When my H first left me very similar situation - he had no idea of the boundaries - I remember being incensed that he would come over and lie down on our couch - eat our food - generally treat me like the wife he didn't want. He went through a long period of being 'confused' and ambivalent - but for us it ended in him deciding to opt out - it is important for you that you establish your own boundaries - it doesn't mean that you have to stop loving him but when he is making you feel uncomfortable (which may be all the time) try and keeo your distance. Act as though you are not that interested in what he is going through - it is HIS stuff not yours....


----------



## knortoh (Sep 5, 2009)

oh yes and stop being the good wife - it sounds foreign I know but look after yourself first - he is putting himself first even though he is still managing to inspre your sympathy - and empathy - Boy I know that syndrome....it is hard to stop acting how you have acted for many years - but if you can treat him like a work colleague who you know but are not overly friendly with. Professional calm, indifferent.....if you end up separating permanently that will be the deal anayway and if he still has strong feelings towards saving the marriage he will start to realise that he has to close the distance


----------



## Believe (Aug 27, 2009)

I am going through the exact same thing. It is so confusing! I noticed if I get quiet and pull away and try tough love he does exactly the same thing back to me. If I am sweet, caring and ask about his life he starts to come around. But then when he starts to get too close he pulls away.

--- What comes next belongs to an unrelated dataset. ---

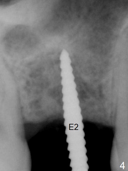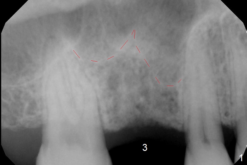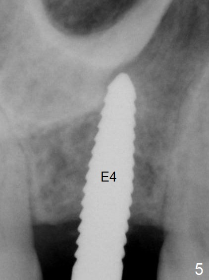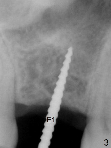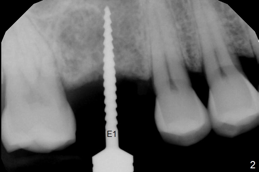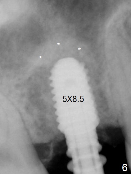 A 54-year-old man has lost the tooth #3 for 6 months with complicated sinus floor morphology (Fig.1 red dashed line (one of 2 outlines), bone height ~ 7 mm). Initial osteotomy depth is ~ 6 mm (Fig.2,3 with 1.2 mm initial drill and DIO Bone Expander 1 (E1 with diameter 1.0/1.6 mm). Following change in the trajectory, E2 (1.3/2.3 mm) is used for ~ 8 mm (Fig.4). After application of E4 (2.4/3.7 mm, Fig.5) and E5 (3.0/4.4 mm) for ~ 12 mm, the sinus membrane is found to have perforated. With placement of collagen membrane and cortical allograft (Fig.6 *), a 5x8.5 mm Hiossen implant is placed with >50 Ncm.
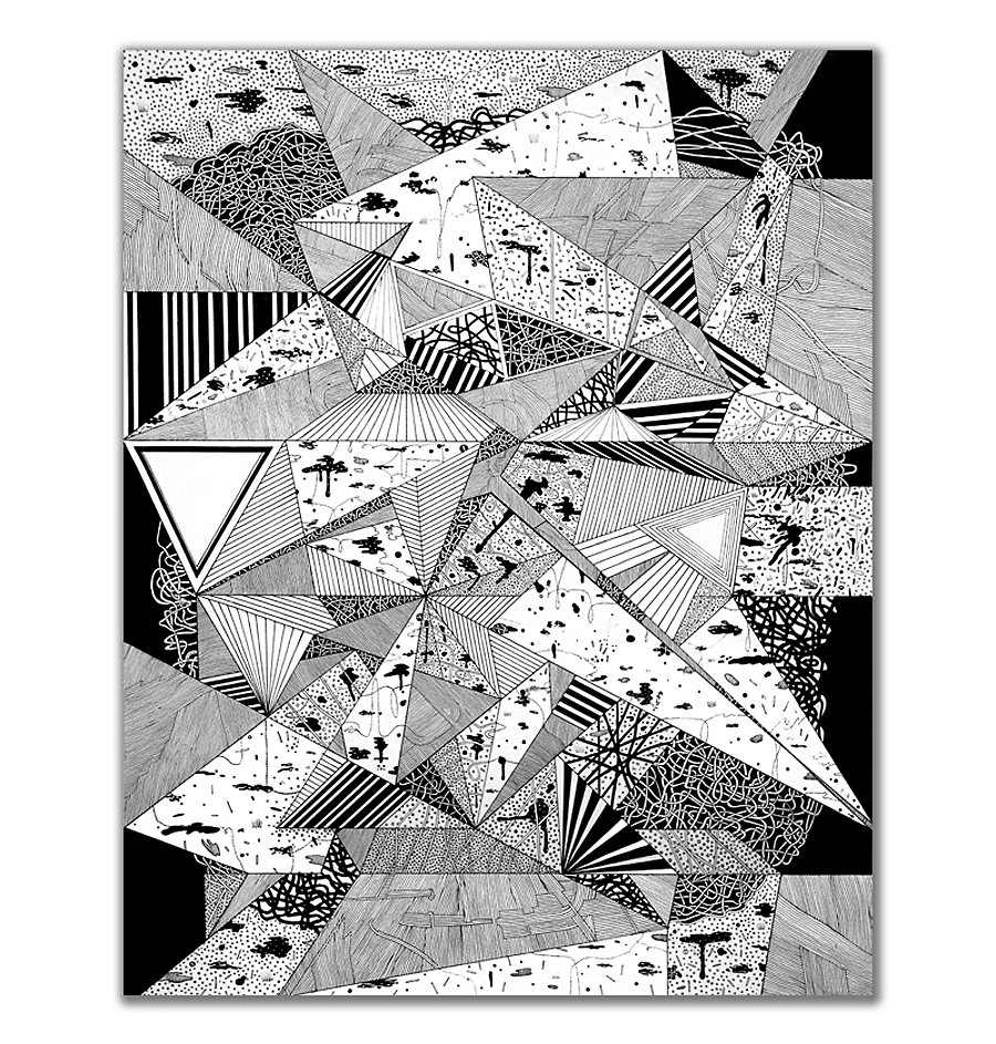 Mazes to the Motherlode XLIV, Ink on Paper, 19" x 24", 2015 |

I can't stand it. My mother just said to me tonight that she can't understand him. She saw him hug me outside and she was like what is that if he doesn't care anymore? He hugs me every night when he leaves unless I have said something that pisses him off, then he withholds any affection. I think it is just a control thing. I too also feel like he plays me so that I will hang on. I don't know what to do either. It has been 8 months for us. I too wish there were some answers.


----------